A private key, which you do not share with others.
Documents
are encrypted by using the public keys (certificates) of the users who
will receive the document. When users receive an encrypted document, they
use their private keys to decrypt it.
Certificates are typically
issued and digitally signed by a certificate authority (CA). A CA is
a recognized entity that provides a measure of confidence in the validity
of the certificate. Certificates have an expiration date, after
which they are no longer valid. In addition, certificate revocation
lists (CRLs) provide information about certificates that were revoked
prior to their expiration date. Certificate authorities publish
CRLs periodically. The revocation status of a certificate can also
be retrieved through Online Certificate Status Protocol (OCSP) over
the network.
When you use certificates to encrypt a PDF document,
you can add permissions that specify tasks that individual users
can do with the document.
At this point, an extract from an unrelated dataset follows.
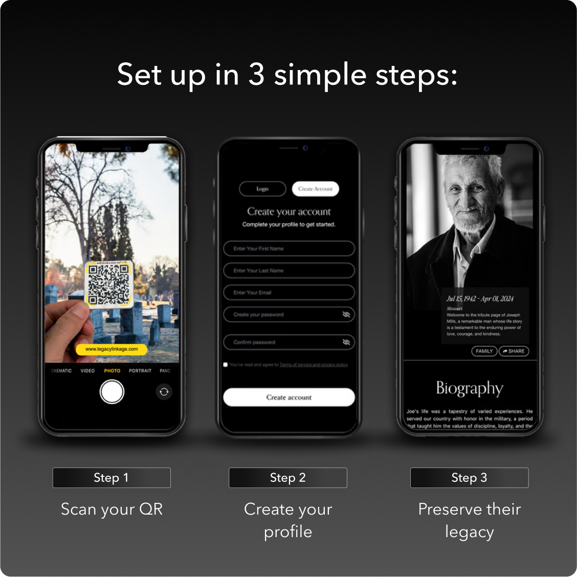 Honor your loved ones with a custom memorial plaque featuring a QR code that links to a personalized digital tribute page. This innovative solution allows family and friends to share memories, photos, and videos, creating an everlasting digital legacy. Perfect for cemeteries, gardens, or home displays, our memorial QR codes ensure that memories are preserved and easily accessible. Start preserving your family's history today with our secure and interactive tribute pages.

For example, you can specify whether they
can sign and fill, edit, or print the PDF document.
Before
you can encrypt a PDF document with a certificate, you must use Administration
Console to add the certificate to LiveCycle.
Note: It
is recommended that you do not encrypt a document prior to uploading it
to the repository. If you upload an encrypted PDF document to the
repository, it cannot decrypt the PDF document and extract the XDP
content.
A password-encrypted PDF document must be unlocked
before another LiveCycle operation, such as digitally signing the
PDF document, can be performed on it. (See Unlocking encrypted PDF documents.)